Serological testing capacity currently stands at 1000 to 1500 tests a day, up from just 25 tests on 10 April. But there are concerns in the medical community that testing is happening mostly in urban populations and that it may not capture current infection levels.

“There are several rapid response teams who do testing across the country, and those are the ones that get reported,” said Rashida Ferrand, a professor at the London School of Hygiene and Tropical Medicine, UK, currently seconded to head up the covid-19 unit at Parirenyatwa Hospital in Harare. “But that doesn’t tell you about the cases that are out in the community that don’t get tested, or die and never make it to care. The cases reported in the national statistics are definitely a complete underestimate, as are the deaths.”

Limited capacity

Reinaldo Ortuno, Médecins Sans Frontières’ head of mission in Harare, told The BMJ, “The number of tests outside Harare and Bulawayo is close to zero. [The authorities] are trying their best to improve the health system [and] to set up isolation facilities—they’re doing the piping for oxygen, getting the supplies. But it’s taking time.”

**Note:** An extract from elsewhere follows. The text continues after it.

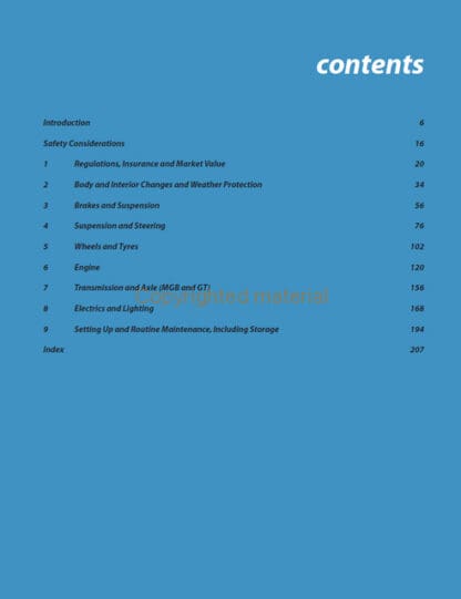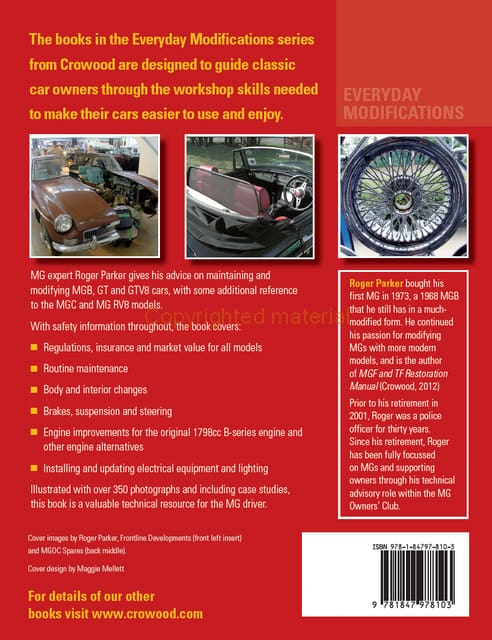 The books in the Everyday Modifications series from Crowood are designed to guide classic car owners through the workshop skills needed to make their cars easier to use and enjoy. MG expert Roger Parker gives his advice on maintaining and modifying MGB, GT and GTV8 cars, with some additional reference to the MGC and MG RV8 models. With safety information throughout, the book covers: regulations, insurance and market value for all models; routine maintenance; body and interior changes; brakes, suspension and steering; engine improvements for the original 1798cc B-series engine and other engine alternatives and finally, installing and updating electrical equipment and lighting.

Several health clinics outside main urban centres have had to close after infections were reported there. The most recently reported case was that of Chikonohono Clinic in Chinhoyi, northwest of Harare, on 15 August.

Staff strikes at hospitals that remain open also mean limited capacity to care for patients. Ferrand’s 300 bed unit in Harare currently holds only 30 patients, partly because only limited numbers of patients are being referred.

The health workers’ strike, which started in June over insufficient provision of personal protective equipment (PPE) and low salaries has reduced capacity further (nurses earn the equivalent of US$30 (£22.70; €25.10) a month, doctors US$115).

Aaron Musara, secretary general of the Zimbabwe Senior Hospital Doctors Association, believes that more clinical staff would have been infected if the nurses had not been on strike. “The government is not taking the issue of PPE seriously,” he said.

Ortuno said that infections could rise, warning that “perhaps in October and November we will have a surge.”

But hospitals may still not be ready to handle any increase in cases, said Ndhlovu, who also chairs the National Medicine and Therapeutics Policy Advisory Committee. “We have tried to make sure that we get the isolation and treatment centres ready to receive patients,” she said, “but if we don’t have the healthcare workers, at a minimum, to take care of these patients, we are going to struggle.”